Une deuxième raison de s'intéresser au saint-simonisme est que l'idéologie de Saint-Simon s'est développée considérablement sous l'influence de nombreux polytechniciens à partir de la mort de Saint-Simon en 1825. Les ingénieurs polytechniciens ont récupéré ses idées pour forger le concept moderne de réseau à partir de l'idée de circulation des flux dans les années 1840 dans les chemins de fer on l'a vu.. Le saint-simonisme s'est développé dans l'entre-deux guerres à travers le groupe X-crise (après la grande dépression), et aujourd'hui il se développe à nouveau à travers le groupe X-sursaut depuis 2005 à la suite de l'échec du projet de constitution européenne de Valéry Giscard d'Estaing et des nouvelles crises qui se sont ensuivies. Le saint-simonisme reste actif dans certains grands corps techniques de l'Etat comme le corps des Mines (aujourd'hui fusionné avec le corps des Télécoms), le corps des Ponts (aujourd'hui corps des Ponts et des Eaux et Forêts). Il existe une société des études saint-simonienne.

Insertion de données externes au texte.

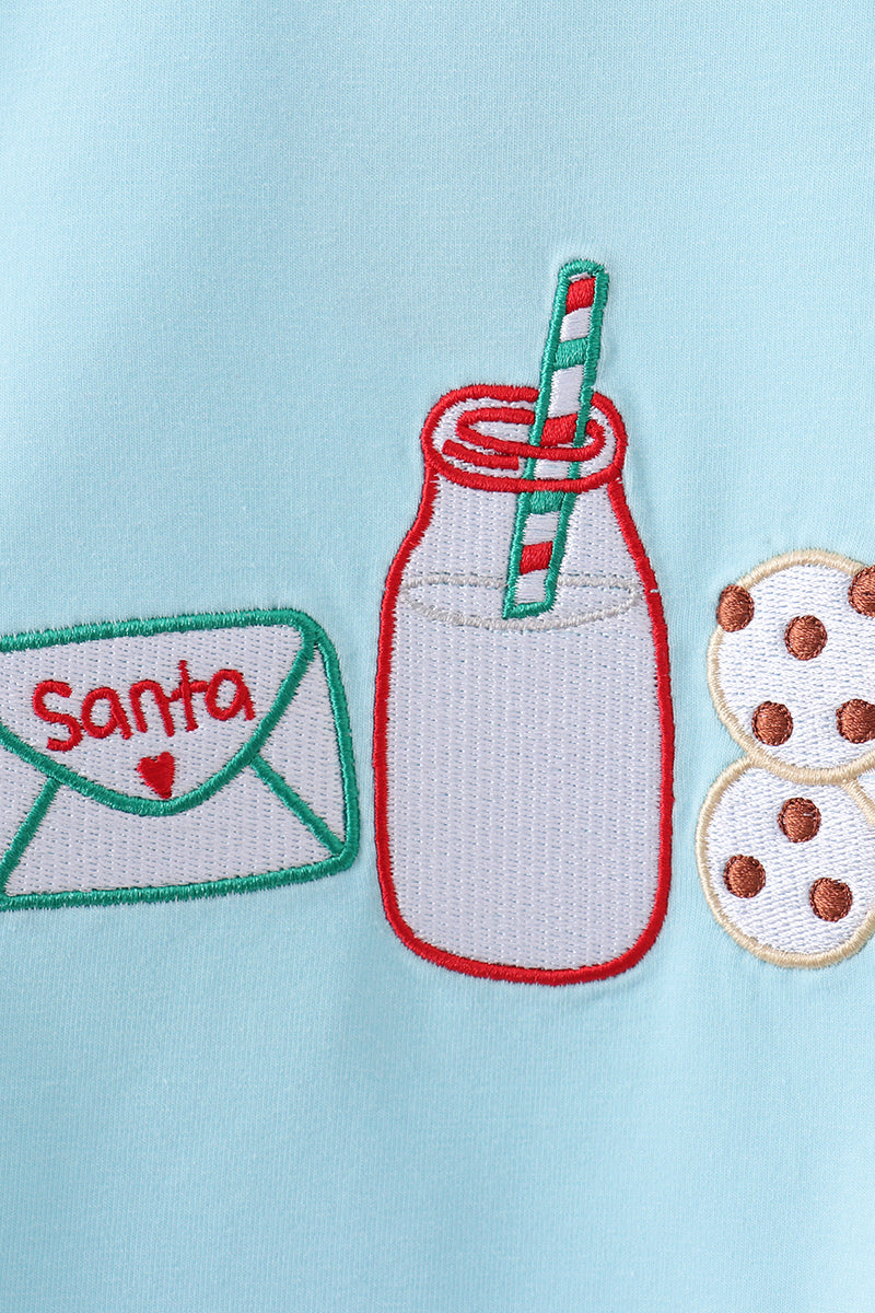Blue cookie milk santa applique bow bubble - Newborn is backordered and will ship as soon as it is back in stock.

Une troisième raison de s'intéresser au saint-simonisme est le retour de cette idéologie au sommet de l'Etat depuis l'élection d'Emmanuel Macron en 2007. Plusieurs personnalités qui sont elles-mêmes imprégnées d'idéologie le mentionnent, soit pour s'en réjouir (Jacques Julliard) soit pour le critiquer (Frédéric Rouvillois qu'on dit maurassien, source WP).

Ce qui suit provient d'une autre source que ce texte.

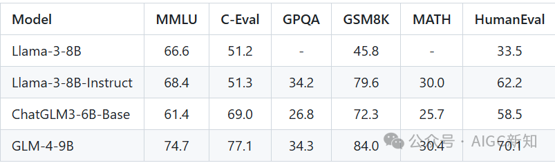 由于 GLM-4-9B 在预训练过程中加入了部分数学、推理、代码相关的 instruction 数据,所以将 Llama-3-8B-Instruct 也列入比较范围。

Une quatrième raison de s'intéresser au saint-simonisme est l'état actuel de motivation de la jeunesse, qui s'interroge sur les carrières que leurs ainés leur proposent.dans un contexte de crise lancinante et sur fond de dérèglement climatique. Il y a dans le saint-simonisme une réflexion sur trois types de flux qui dominent encore aujourd'hui la société française et même européenne : le savoir, l'argent, la considération. Trois éléments que nous serons amenés à analyser au prisme des valeurs chrétiennes authentiques. En particulier, la considération peut être ce qui motive le plus dans une carrière, quand ce n'est pas l'argent.

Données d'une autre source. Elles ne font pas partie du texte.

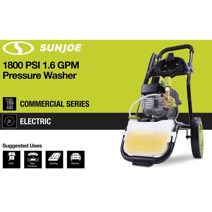 Featuring rugged, pro-quality equipment designed for everyday use at the worksite, restaurant, retail store, repair shop and more, Sun Joe’s PRO Series Commercial-Grade Pressure Washer SPX9008-PRO powers through your toughest cleaning tasks and home-improvement projects. Our PRO Series pressure washers come with the most-requested top-of-the-line, pro-performance upgrades and features for your most demanding jobs — like sturdy all-terrain wheels, brushless induction motor, on-board hose holder, steel-frame roll-cage construction, and durable 25-foot steel-reinforced high-pressure hose. Equipped with the high-performance 13.5-amp brushless induction motor, SPX9008-PRO blasts up to 1800 PSI and 1.6 GPM to take on tough grease and oil stains, mildew, caked on mud, tar, rust and other stubborn dirt and deposits. Dial-in the perfect pressure with the adjustable pressure valve, designed to give you complete control over your cleaning projects! Select a lower setting for a quick clean; or crank it up to demolish stubborn oil stains, dissolve grease deposits or eliminate grime from grout. And with the 5 onboard Quick-Connect spray tips, you can select your spray the easy way. Select from 0º, 15º, 25º, 40º, and soap to tackle light, medium and heavy-duty dirt and debris. Swap nozzles to quickly go from precise 0° pencil point jet to 40° fan spray or apply detergent directly from the onboard 1-gal tank to the cleaning surface with the soap nozzle for additional cleaning power.

Une cinquième raison de s'intéresser au saint-simonisme est que cette idéologie n'est pas particulièrement favorable à l'environnement. On se souviendra par exemple que le journal saint-simonien Le Producteur affichait le but suivant : « Il s'agit de développer et de répandre les principes d'une philosophie nouvelle. Cette philosophie, basée sur une nouvelle conception de la nature humaine, reconnaît que la destination de l'espèce, sur ce globe, est d'exploiter et de modifier à son plus grand avantage la nature extérieure ». (OPG) On ne peut pas compter sur ceux qui ont créé les problèmes pour les résoudre, disait avec humour Albert Eintein.